To determine whether disparities in access to invasive cardiac procedures still exist for Medicaid patients, given how old earlier studies are and given changes in the interim in appropriateness guidelines.

Patients and Methods

A total of 5,022 Medicaid and private insurance patients in New York from January 1, 2008 through December 31, 2009 under age 65 with ST‐elevation myocardial infarction (STEMI) were compared with regard to their access to percutaneous coronary interventions (PCI) before and after controlling for numerous patient characteristics and other important factors.

Results

Medicaid patients were significantly less likely to be admitted initially to a hospital certified to perform PCI (90.4% vs. 94.3%, P < 0.001). Also, Medicaid patients were found to be significantly less likely to undergo PCI than other patients (adjusted odds ratio AOR] = 0.81, 95% CI 0.66, 0.98, P = 0.03).

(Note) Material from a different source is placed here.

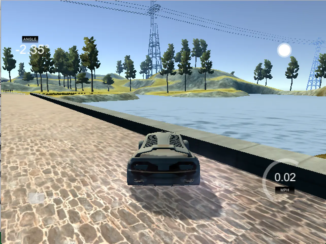 而后继续训练,跑模型,完美通过黑路路段。但是,在一个尖锐的拐弯处,冲出弯道,到水里去了
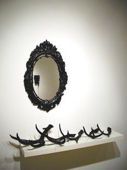 鏡子“女巫”在魔幻電影里,黑色一定是“女巫”的代表色,那些從惡魔世界帶來的鏡子絕對是奇幻的道具,丑陋的女巫們在精致的鏡子前發(fā)問:“誰是最美麗的女人?”邪惡的鏡子永遠(yuǎn)給出一個讓女巫們瘋狂的回答。如同用瀝青包裹的鏡框絕對帶有魔幻的味道,而鏡下的裝飾品則更似“女巫”們的玩具。

When the probability of each hospital performing PCI for STEMI patients was controlled for, Medicaid patients were still less likely to undergo PCI after controlling for other risk factors (AOR = 0.80, 95% CI 0.65, 0.99, P = 0.04).

Conclusions

Medicaid STEMI patients are significantly less likely to undergo PCI within the same day of admission as private pay patients even after adjusting for patient characteristics related to receiving PCI, and the strength of this relationship is not diminished when controlling for whether the admitting hospital has approval to perform PCI or controlling for the tendency of the admitting hospital to treat STEMI with PCI. (J Interven Cardiol 2013;26:470‐481)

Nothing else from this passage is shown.